Alberta led the country in job creation last month.
Canada’s economy unexpectedly lost 51,600 jobs, with wage gains slowing and Ontario recording its biggest employment drop in nearly a decade, removing any urgency for the central bank to accelerate rate hikes.
The nation’s largest province lost 80,100 jobs in August, all part-time, the biggest decline for Ontario since 2009. Nationally, the economy lost 92,000 part-time workers, though a 40,400 gain in full-time employment is one sign the labour market is firmer than the headline number suggests.

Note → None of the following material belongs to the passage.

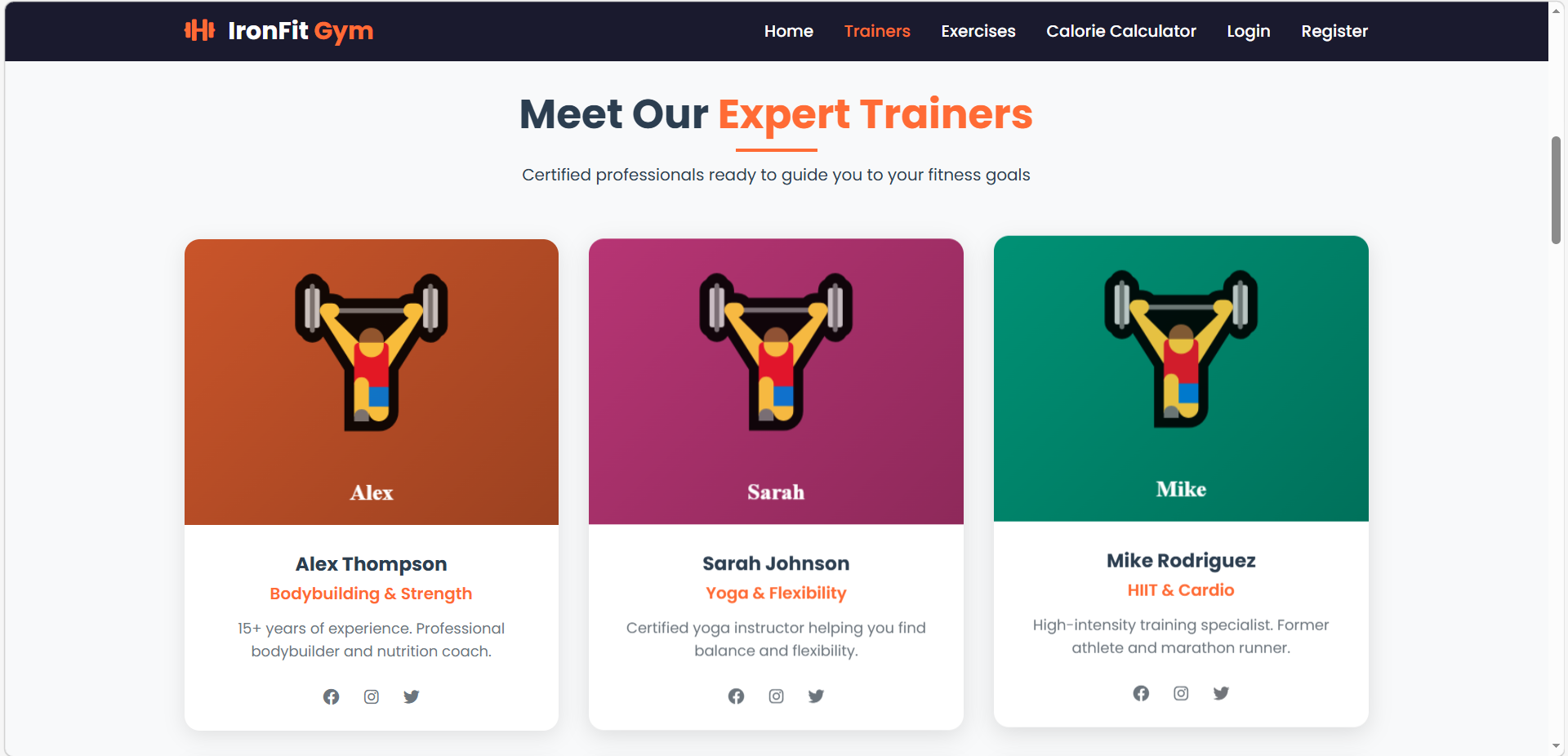 السلام عليكم , أنا شغال Front-End بـ React و Next.js، اقدر أنفذلك مشروعك هعمل تسجيل دخول، صفحة للمدربين بتفاصيلهم، عرض التمارين، وكمان حاسبة س...

The data released Friday by Statistics Canada in Ottawa reversed strong employment gains made earlier this summer, including sharp increases in Ontario. But the overall picture is one of a labour market gearing down markedly from last year and an economy not at risk of overheating. That reinforces expectations the Bank of Canada will take a cautious approach to increasing borrowing costs.
The jobs numbers are “consistent with a gradual rate hike path and really not a whole lot of urgency,” said Robert Kavcic, a senior economist at BMO Capital Markets.
The Canadian dollar slipped after the jobs report, down as much as 0.3 per cent to 75.8 US cents. The currency rose as much as 0.4 per cent Thursday after Bank of Canada Senior Deputy Governor Carolyn Wilkins said the central bank’s top officials debated this week whether to accelerate the pace of potential interest rate hikes, before finally choosing to stick to their current “gradual” path.
The Bank of Canada has raised interest rates four times since mid-2017 to keep inflation from moving permanently beyond its 2 per cent target, and indicated it will need to make additional hikes to keep price gains from accelerating because the economy is roughly at capacity.
So far in 2018, the economy has shed 14,600 jobs, but the number masks a 97,300 gain in full-time jobs. Part-time employment is down by 111,900 this year.
The net loss in August — which was the second largest monthly decline since the last recession — drove the unemployment rate to 6 per cent, from 5.8 per cent a month earlier, while wage gains decelerated to their slowest this year. However, the jobless rate still remains near four-decade lows.
Economists had expected a gain of 5,000 jobs and an unemployment rate of 5.9 per cent, according to the median estimate in a Bloomberg survey.
Other highlights:
• Wage gains for all workers slowed in August, with average hourly pay up 2.9 per cent from a year ago. That’s the slowest pace since December. Wage gains for permanent employees were down to 2.6 per cent, the slowest since October.
• Actual hours worked were up 1.6 per cent from a year ago, after an increase of 1.3 per cent in July, reflecting the increase in full-time workers.
• By industry, the decline was broad-based and included a loss of 16,400 jobs in construction and 22,100 in the professional services sector.